4. Tulis nama pengarang di bawah judul cerpen.
5. Biodata singkat, jelas, padat setelah cerpen. Tidak perlu panjang-panjang. Kurang lebih 50-80 kata saja cukup.
6. Di bawah biodata, cantumkan nomor ponsel dan nomor rekening bank untuk honor. Bila belum punya, bisa memakai nomor rekening bank orang tua atau saudara terdekat, asal meminta izin dulu. Beberapa media tidak memberi kabar saat mengirim honor. Tahu-tahu rekening sudah bertambah saldo. Meminta izin pemilik rekening (bila kita tidak punya nomor rekening bank sendiri) bertujuan agar pengiriman honor tanpa kabar tersebut jadi mudah ditelusuri.
7. Simpan file cerpen dalam format "rtf" (secara umum), namun ada juga media tertentu yang syarat pengiriman cukup dalam format "doc" (biasanya ini untuk media-media online).



>>Mengirim E-mail ke Media:

1. Cerpen dilampirkan, bukan di-copy-paste ke badan email.
2. Lampirkan scan kartu identitas.
2. Subject e-mail: "CERPEN - JUDUL CERPEN". Misal: "CERPEN - SEPOTONG HATI"
3. Buat surat pengantar di badan e-mail. Contoh:

Kepada Yth
Redaktur Cerpen Solopos
Di Tempat

Dengan Hormat,

Bersama surat pengantar ini, saya Ken Hanggara mengirimkan cerpen 'SEPOTONG HATI' untuk diterbitkan di Solopos. Cerpen ini berkisah tentang seorang kekasih yang ditinggal mati pacarnya, sehingga ia sedih dan ingin pergi sejauh mungkin dari kota tempat tinggalnya.

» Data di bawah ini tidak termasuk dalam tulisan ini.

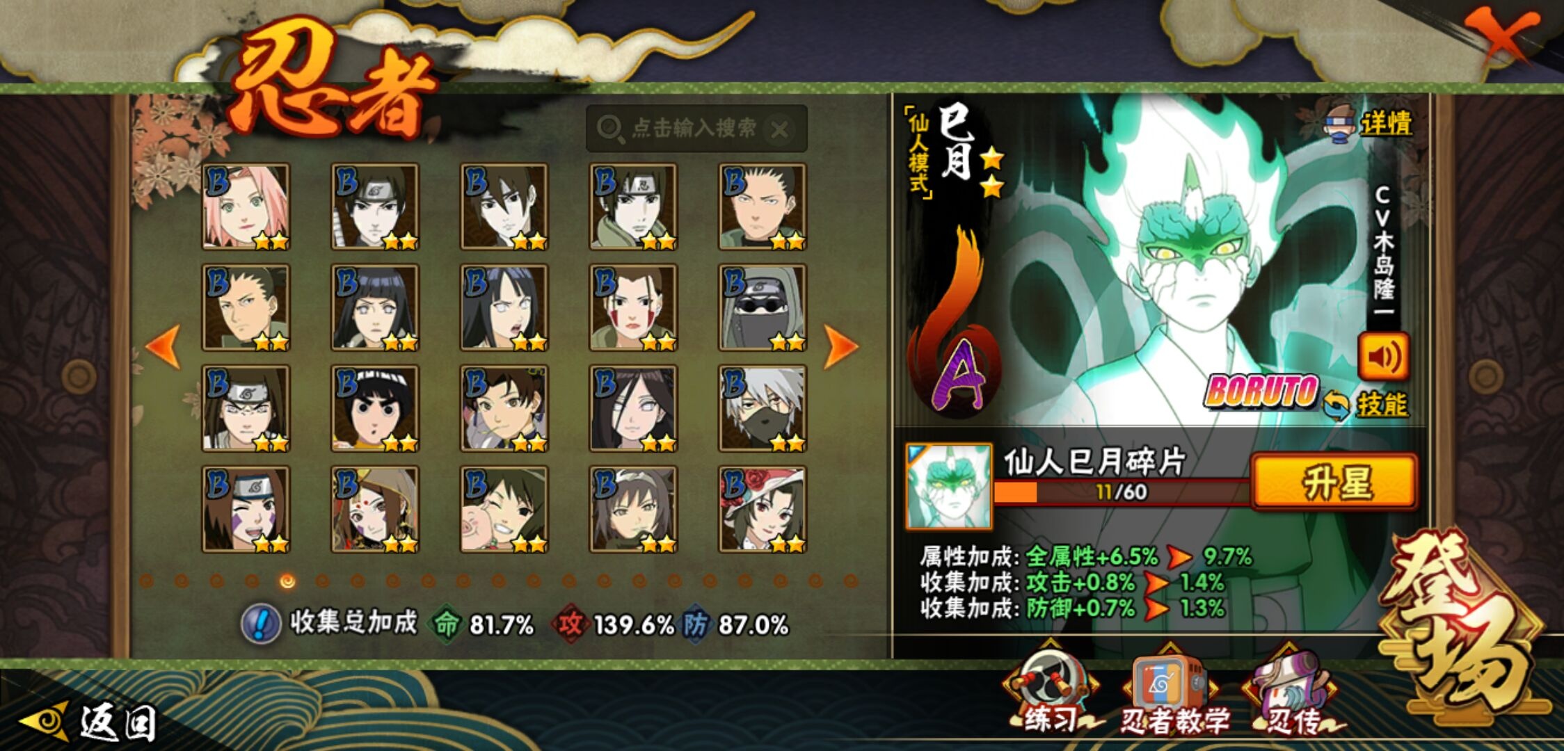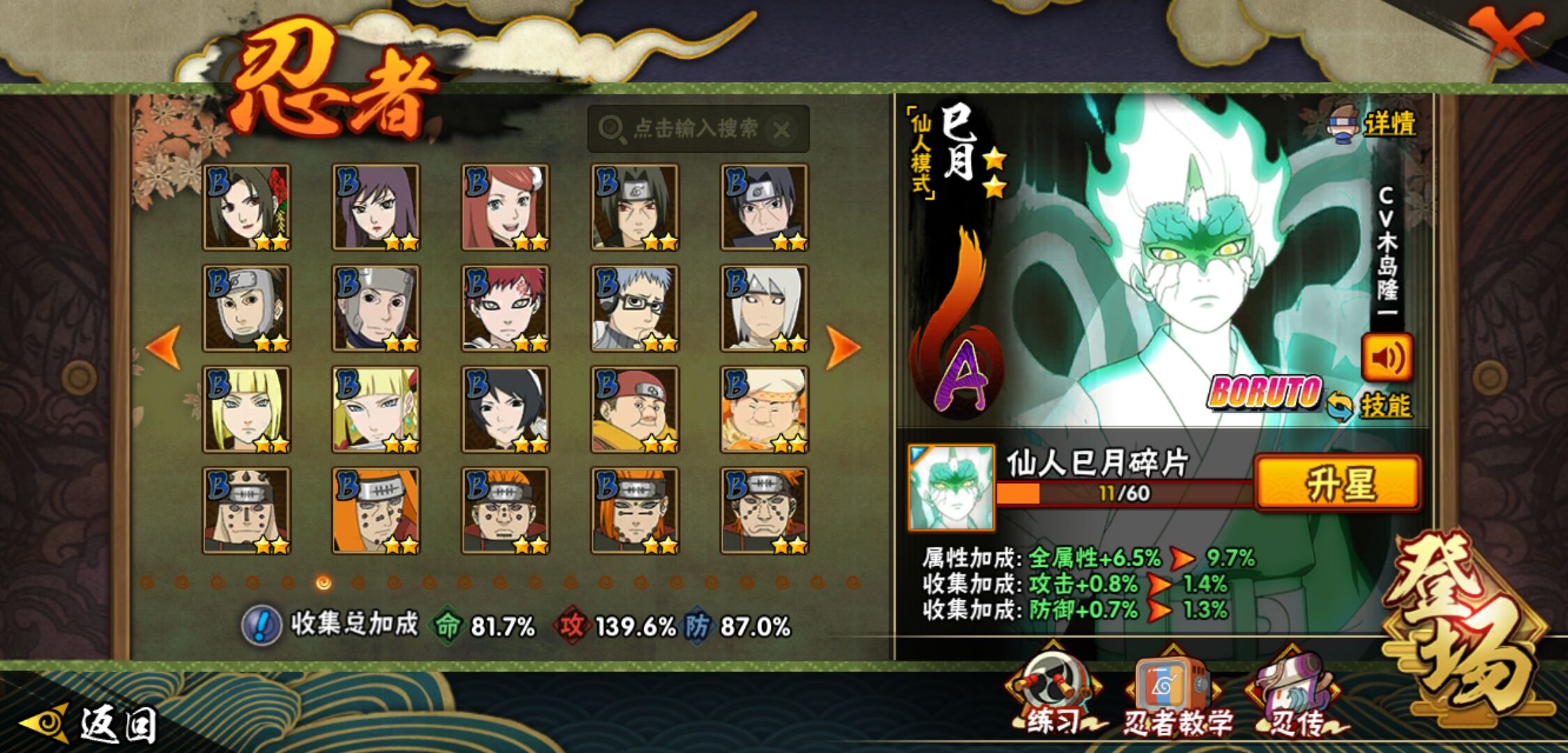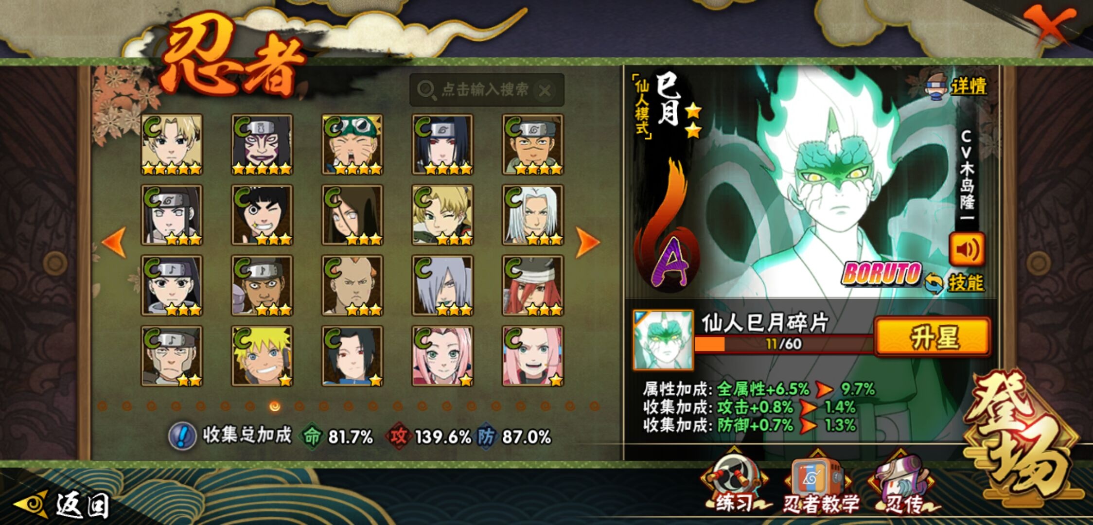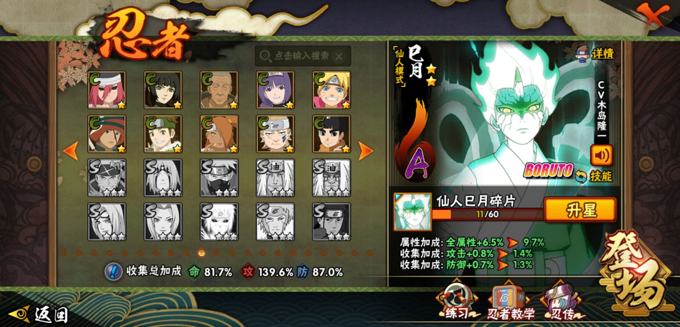 【火影忍者】【lyhy9399】战斗力:1288w;段位:中忍2阶;本服排名:126;vip:v10级;s忍:21个;a忍:36个;通灵兽:18个,s忍:暴怒第六尾漩涡鸣人|九喇嘛连结漩涡鸣人|永恒万花筒宇智波佐助|舞之豪杰自来也|传说中的三忍自来也|大蛇丸(普通)|死门迈特凯|波风水门|秽土转生波风水门|猿飞日斩(普通)|秽土转生猿飞日斩|秽土转生千手扉间|秽土转生解宇智波斑|须佐能乎宇智波鼬|神秘面具男(普通)|白面具宇智波斑|忍界大战宇智波带土|红夜之刃神秘面具男|天道佩恩|秽土转生长门|博人传大筒木金式__a忍:迈特凯(普通) 5星|猿飞阿斯玛(普通) 5星|干柿鬼鲛(普通) 5星|蝎(普通) 4星|飞段(普通) 4星|忍界大战日向宁次 3星|疾风传我爱罗 3星|忍者之路神秘面具男|万花筒写轮眼宇智波佐助|须佐能乎宇智波佐助|宇智波泉奈|忍界大战秋道丁次|幻之真容旗木卡卡西|青春爆炸迈特凯|宇智波止水(普通)|青年波风水门|近松十人卫千代|五代目水影照美冥|秽土转生桃地再不斩|忍界大战奇拉比|青年艾|忍界大战土台|漂泊武士千手扉间|半蛇斗篷药师兜|青年长门|漂泊浪客佩恩六道|绯流琥蝎|宇智波鼬(普通)|迪达拉(普通)|死司凭血飞段|羁绊神农|桃式显现漩涡博人|五代目雷影达鲁伊|六代目水影长十郎|仙人模式巳月|四代目土影黑土__通灵兽:忍犬(普通)|蓝蛇|砂之守鹤|蛤蟆吉|忍龟|镰鼬|猿魔|山椒鱼|蜃|蛤蟆仙人|鲛鲨|蛤蟆健|蛞蝓(普通)|乌鸦(普通)|蛤蟆龙|蛤蟆广|梦貘|鹰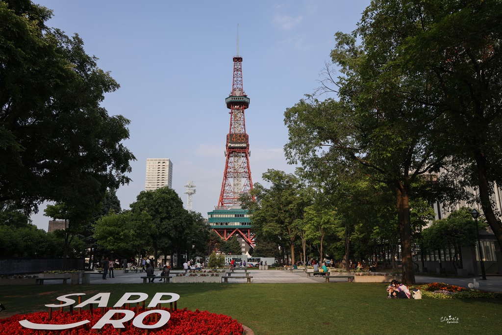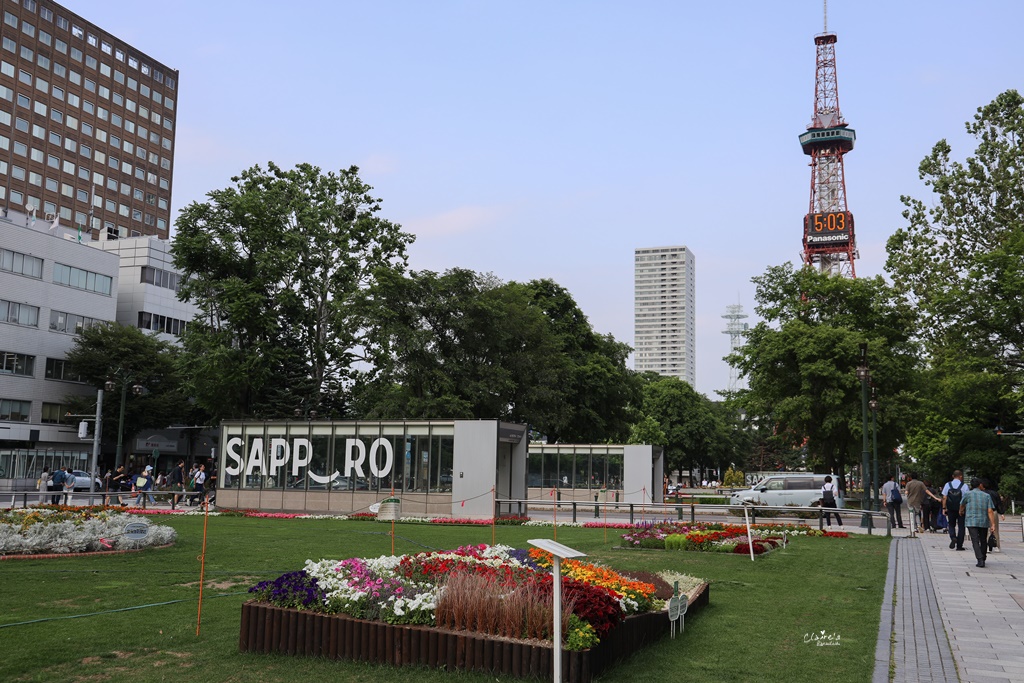 七月的大通公園,各種顏色的花朵正是盛開的時節,下午四點左右的天氣很舒適(今年的北海道真的超級熱…出發前還以為可以到北海道避暑,結果每天高溫都三十幾度),三三兩兩的人們,隨意的找了喜歡的位子坐著聊天喝咖啡,或是開心的與”Sappro”以及札幌電視塔合影。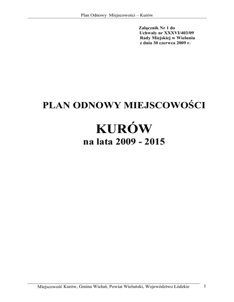 PLAN ODNOWY MIEJSCOWOŚCI KURÓW na lata 2009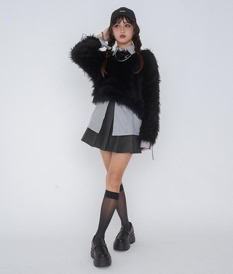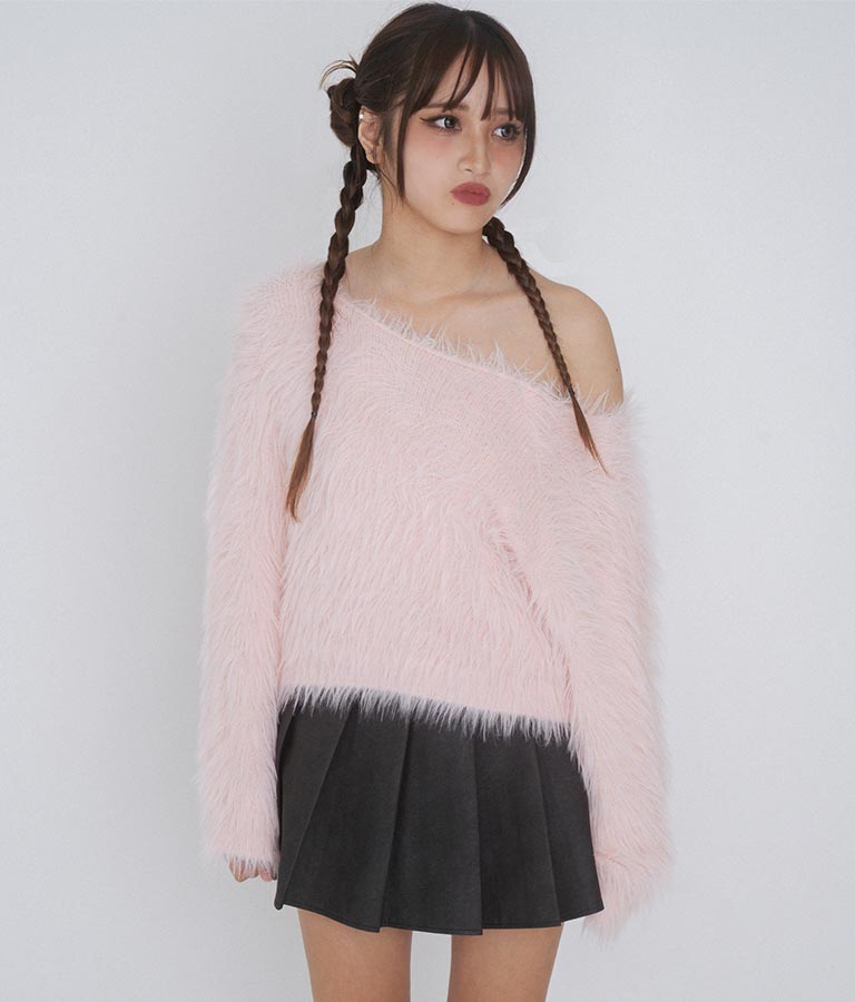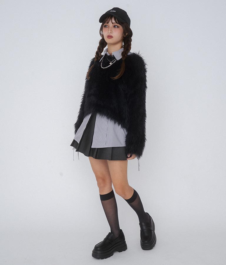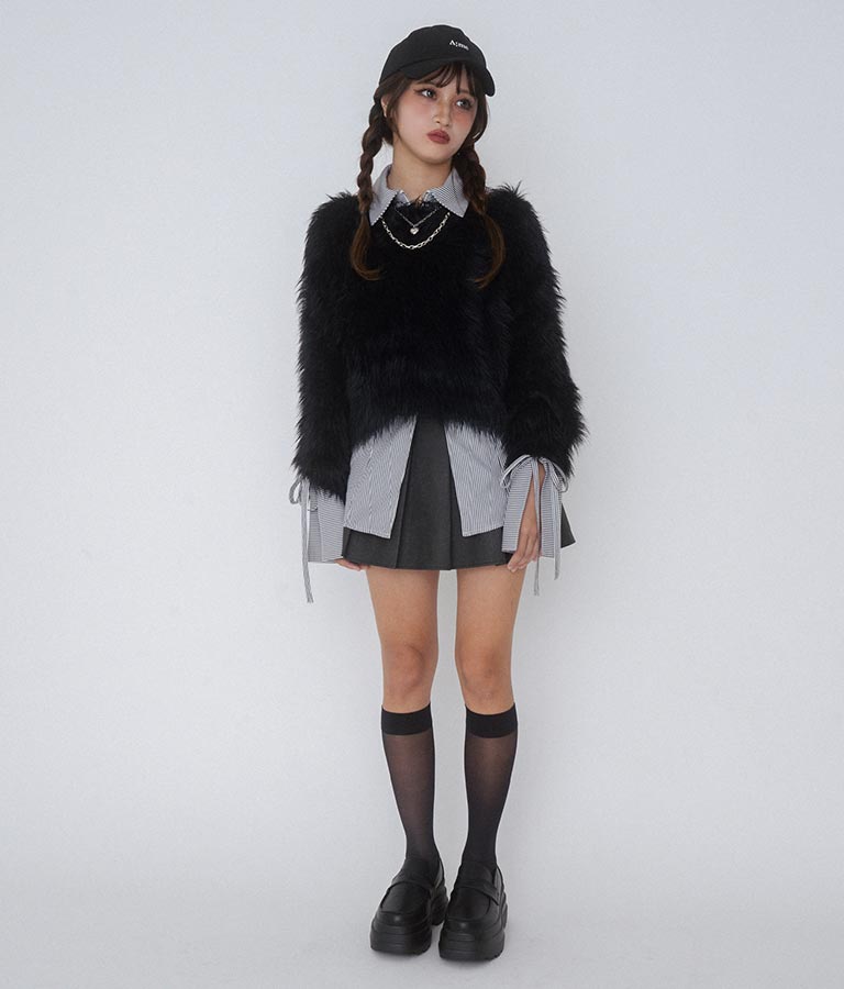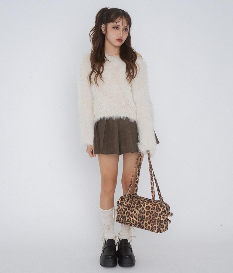 フェイクレザーなので可愛い過ぎない、強めコーデにも挑戦しやすいシルエットです。

Cerpen karya asli dan belum dipublikasikan dalam bentuk apa pun. Semoga redaktur berkenan membaca dan memuat cerpen ini. Namun demikian, mohon infonya bila cerpen saya belum bisa diterbitkan.

Terima kasih.

 Salam,

((Tulis nama pena/nama lengkap))
((Tulis nomor HP))
((Tulis nomor rekening bank))
((Alamat sesuai KTP))


>>Setelah Kirim, Ngapain?

Saya pribadi memberlakukan aturan ini untuk diri sendiri:
1. Setiap cerpen yang saya kirim ke koran lokal saya biarkan selama 6-7 bulan, walau tidak kunjung dimuat. Setelah melewati waktu tersebut, cerpen tersebut saya tarik dengan menulis surat penarikan naskah ke media tersebut. Ini demi tidak terjadi pemuatan ganda.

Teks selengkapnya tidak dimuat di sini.